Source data
▬▬▬▬▬▬
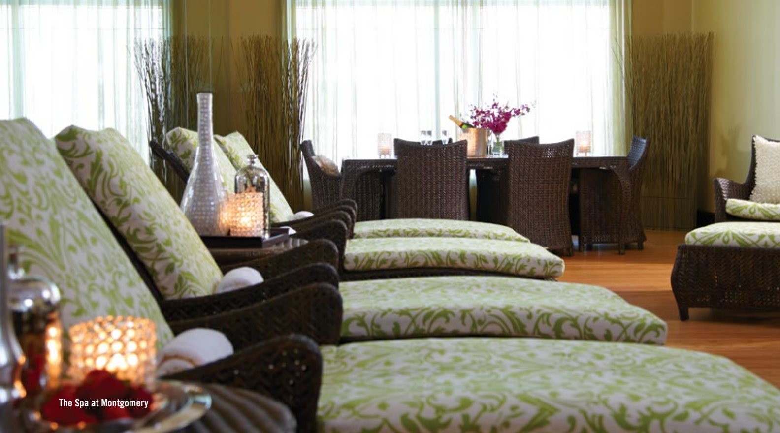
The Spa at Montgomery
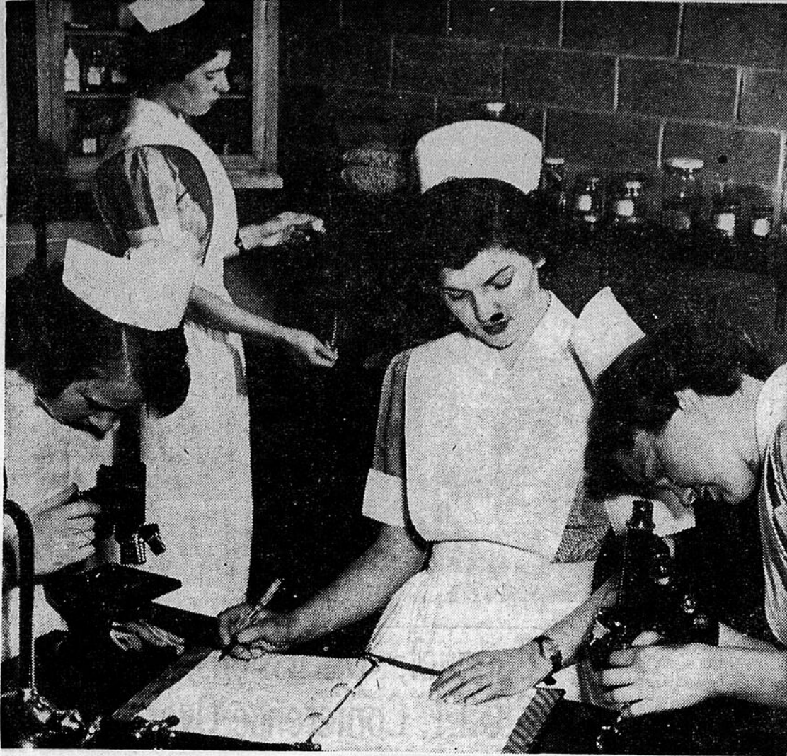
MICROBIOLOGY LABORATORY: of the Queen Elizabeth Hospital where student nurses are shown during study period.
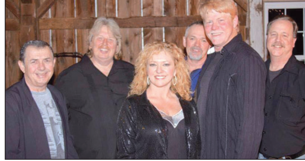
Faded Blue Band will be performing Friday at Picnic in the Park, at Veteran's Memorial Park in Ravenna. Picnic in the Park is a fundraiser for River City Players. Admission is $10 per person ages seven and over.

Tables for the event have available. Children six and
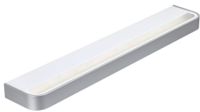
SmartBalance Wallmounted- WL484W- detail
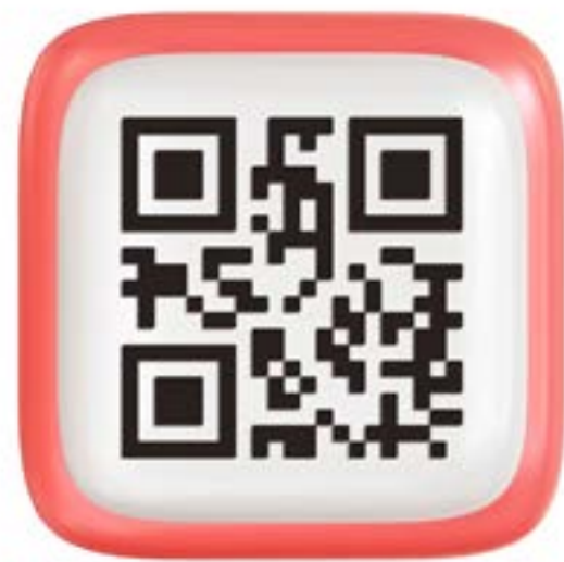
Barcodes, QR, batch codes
▬▬▬▬▬▬
# WHAT THE TASK REQUIRES:
What is needed is a word-for-word restatement of the lines from the one holding "Tables for the" to the final line of the data above, inclusive, without any pictures.

# WRITTEN SOLUTION:
Tables for the event have available. Children six and
SmartBalance Wallmounted- WL484W- detail
Barcodes, QR, batch codes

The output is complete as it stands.